March 12, 2001 -- Your stomach is queasy. Something you said or did or even thought is making you feel sick, and you just want to hide. This reaction might be because the shame you're feeling inside is affecting you physically, researchers believe.

However, they say, even though at some point everyone feels guilty about something, guilt is not as likely to make us ill as shame is. Experts say this is because humans have developed built-in ways to cope with that emotion and to reduce stress that comes with it. Without such a release valve, stress can otherwise impact hormone levels controlled by the brain and wreak havoc with your immune system.

A group of researchers at the University of California, Los Angeles (UCLA) recently demonstrated the vicious cycle of shame and illness by enrolling a group of graduate students into a study to examine how their opinions of themselves affect their immune systems. They asked 31 students to write about traumatic or emotional experiences for which they blamed themselves; 18 others were asked to write about experiences that didn't evoke any guilt or shame.

Results of the investigation were presented last week at a meeting of the American Psychosomatic Society in Monterey, Calif.

The researchers, led by UCLA social psychology doctoral student Sally Dickerson, say that those participants who wrote about neutral experiences and those who felt guilt over their experience showed no measurable physical changes that might make them ill. However, the students who felt shame for the incidents they wrote about showed an increase in cytokine activity, as measured by blood tests.

Cytokines are bodily road signs of inflammation, indicating that a disease process may be in progress.

"The people who felt the most shame had the highest elevation of cytokine activity," Dickerson tells WebMD. "But we don't know, at this point, what long-term effect shame may play in physiological changes. It's not clear whether this has a role in the disease process."

These findings are not surprising, says clinical psychologist Mary Turner, PhD, who counsels those with chronic and terminal diseases, victims of violent crime, and criminals. Because of previous research, we know shame is tied to stress -- particularly when people feel they don't have the power, skill, knowledge, or capability to cope with an event -- and stress can impact the human immune system.

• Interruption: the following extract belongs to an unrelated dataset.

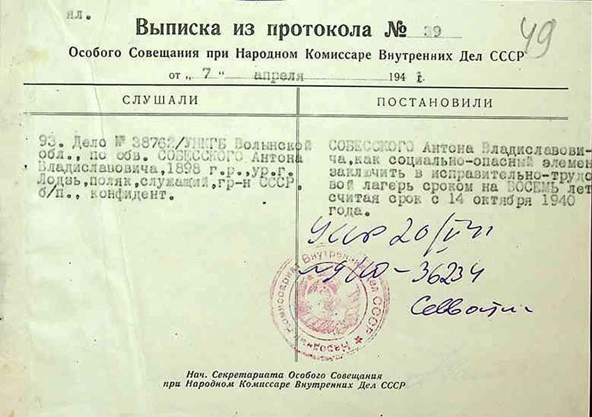Згідно з протоколом № 39 від 7 квітня 1941 р., Антонія Собеського помістили у виправно-трудовий табір строком на вісім років, відраховуючи термін від 14 жовтня 1940 р. Покарання він відбував у Севвостлазі. Його подальша доля нам не відома.

Why does shame affect the immune system so much more than guilt?

Our culture has developed a procedure for handling guilt, Turner tells WebMD: You acknowledge you did something wrong, you vow not to repeat the behavior, you atone for your actions, and you accept the consequences. Because of this accepted process of expunging guilt, the emotion doesn't trigger stress, she says, and therefore isn't likely to affect immune system function.